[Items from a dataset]
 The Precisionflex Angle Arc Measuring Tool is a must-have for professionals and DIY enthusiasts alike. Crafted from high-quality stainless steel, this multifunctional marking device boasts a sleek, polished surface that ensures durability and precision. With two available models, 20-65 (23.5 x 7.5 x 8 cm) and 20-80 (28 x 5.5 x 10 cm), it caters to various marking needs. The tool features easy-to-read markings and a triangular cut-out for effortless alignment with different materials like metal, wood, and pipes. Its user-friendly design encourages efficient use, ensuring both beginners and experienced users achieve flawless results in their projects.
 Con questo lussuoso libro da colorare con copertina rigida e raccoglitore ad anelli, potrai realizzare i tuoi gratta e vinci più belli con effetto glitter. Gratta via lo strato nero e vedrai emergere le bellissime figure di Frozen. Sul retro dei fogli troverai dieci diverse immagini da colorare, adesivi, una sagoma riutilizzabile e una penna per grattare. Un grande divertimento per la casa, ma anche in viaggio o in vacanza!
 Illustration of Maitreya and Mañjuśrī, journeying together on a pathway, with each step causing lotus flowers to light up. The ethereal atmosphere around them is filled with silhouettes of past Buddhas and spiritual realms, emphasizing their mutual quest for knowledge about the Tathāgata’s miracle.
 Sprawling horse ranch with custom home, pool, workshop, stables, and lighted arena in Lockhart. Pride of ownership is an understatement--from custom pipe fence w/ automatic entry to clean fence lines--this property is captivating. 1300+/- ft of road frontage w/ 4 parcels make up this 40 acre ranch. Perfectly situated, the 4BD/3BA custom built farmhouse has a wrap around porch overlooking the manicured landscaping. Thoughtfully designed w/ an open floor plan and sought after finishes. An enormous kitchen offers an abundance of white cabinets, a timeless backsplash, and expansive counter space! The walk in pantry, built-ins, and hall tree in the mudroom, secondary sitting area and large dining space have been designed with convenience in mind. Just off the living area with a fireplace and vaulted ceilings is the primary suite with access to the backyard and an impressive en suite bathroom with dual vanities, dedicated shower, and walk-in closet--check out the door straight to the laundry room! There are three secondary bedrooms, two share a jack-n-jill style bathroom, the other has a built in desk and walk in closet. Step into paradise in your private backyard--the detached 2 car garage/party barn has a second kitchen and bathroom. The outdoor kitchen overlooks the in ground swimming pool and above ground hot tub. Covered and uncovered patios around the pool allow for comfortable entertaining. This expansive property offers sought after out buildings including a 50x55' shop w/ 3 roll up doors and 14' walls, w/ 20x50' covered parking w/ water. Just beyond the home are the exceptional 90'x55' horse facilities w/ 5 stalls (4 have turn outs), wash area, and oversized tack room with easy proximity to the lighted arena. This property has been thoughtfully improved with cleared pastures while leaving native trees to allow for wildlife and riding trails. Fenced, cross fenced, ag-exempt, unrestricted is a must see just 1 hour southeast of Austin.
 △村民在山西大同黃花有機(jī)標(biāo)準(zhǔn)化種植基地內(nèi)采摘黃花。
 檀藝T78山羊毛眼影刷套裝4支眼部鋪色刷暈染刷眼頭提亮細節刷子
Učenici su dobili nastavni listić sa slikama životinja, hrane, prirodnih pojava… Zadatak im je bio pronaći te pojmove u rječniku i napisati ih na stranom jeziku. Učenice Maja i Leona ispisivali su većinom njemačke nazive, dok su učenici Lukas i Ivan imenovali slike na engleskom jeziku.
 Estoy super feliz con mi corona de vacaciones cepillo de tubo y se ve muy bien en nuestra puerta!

▸ Task directions: Retype all of the lines shown above, keeping each one exact.

▸ Reply to the exercise:
 The Precisionflex Angle Arc Measuring Tool is a must-have for professionals and DIY enthusiasts alike. Crafted from high-quality stainless steel, this multifunctional marking device boasts a sleek, polished surface that ensures durability and precision. With two available models, 20-65 (23.5 x 7.5 x 8 cm) and 20-80 (28 x 5.5 x 10 cm), it caters to various marking needs. The tool features easy-to-read markings and a triangular cut-out for effortless alignment with different materials like metal, wood, and pipes. Its user-friendly design encourages efficient use, ensuring both beginners and experienced users achieve flawless results in their projects.
 Con questo lussuoso libro da colorare con copertina rigida e raccoglitore ad anelli, potrai realizzare i tuoi gratta e vinci più belli con effetto glitter. Gratta via lo strato nero e vedrai emergere le bellissime figure di Frozen. Sul retro dei fogli troverai dieci diverse immagini da colorare, adesivi, una sagoma riutilizzabile e una penna per grattare. Un grande divertimento per la casa, ma anche in viaggio o in vacanza!
 Illustration of Maitreya and Mañjuśrī, journeying together on a pathway, with each step causing lotus flowers to light up. The ethereal atmosphere around them is filled with silhouettes of past Buddhas and spiritual realms, emphasizing their mutual quest for knowledge about the Tathāgata’s miracle.
 Sprawling horse ranch with custom home, pool, workshop, stables, and lighted arena in Lockhart. Pride of ownership is an understatement--from custom pipe fence w/ automatic entry to clean fence lines--this property is captivating. 1300+/- ft of road frontage w/ 4 parcels make up this 40 acre ranch. Perfectly situated, the 4BD/3BA custom built farmhouse has a wrap around porch overlooking the manicured landscaping. Thoughtfully designed w/ an open floor plan and sought after finishes. An enormous kitchen offers an abundance of white cabinets, a timeless backsplash, and expansive counter space! The walk in pantry, built-ins, and hall tree in the mudroom, secondary sitting area and large dining space have been designed with convenience in mind. Just off the living area with a fireplace and vaulted ceilings is the primary suite with access to the backyard and an impressive en suite bathroom with dual vanities, dedicated shower, and walk-in closet--check out the door straight to the laundry room! There are three secondary bedrooms, two share a jack-n-jill style bathroom, the other has a built in desk and walk in closet. Step into paradise in your private backyard--the detached 2 car garage/party barn has a second kitchen and bathroom. The outdoor kitchen overlooks the in ground swimming pool and above ground hot tub. Covered and uncovered patios around the pool allow for comfortable entertaining. This expansive property offers sought after out buildings including a 50x55' shop w/ 3 roll up doors and 14' walls, w/ 20x50' covered parking w/ water. Just beyond the home are the exceptional 90'x55' horse facilities w/ 5 stalls (4 have turn outs), wash area, and oversized tack room with easy proximity to the lighted arena. This property has been thoughtfully improved with cleared pastures while leaving native trees to allow for wildlife and riding trails. Fenced, cross fenced, ag-exempt, unrestricted is a must see just 1 hour southeast of Austin.
 △村民在山西大同黃花有機(jī)標(biāo)準(zhǔn)化種植基地內(nèi)采摘黃花。
 檀藝T78山羊毛眼影刷套裝4支眼部鋪色刷暈染刷眼頭提亮細節刷子
Učenici su dobili nastavni listić sa slikama životinja, hrane, prirodnih pojava… Zadatak im je bio pronaći te pojmove u rječniku i napisati ih na stranom jeziku. Učenice Maja i Leona ispisivali su većinom njemačke nazive, dok su učenici Lukas i Ivan imenovali slike na engleskom jeziku.
 Estoy super feliz con mi corona de vacaciones cepillo de tubo y se ve muy bien en nuestra puerta!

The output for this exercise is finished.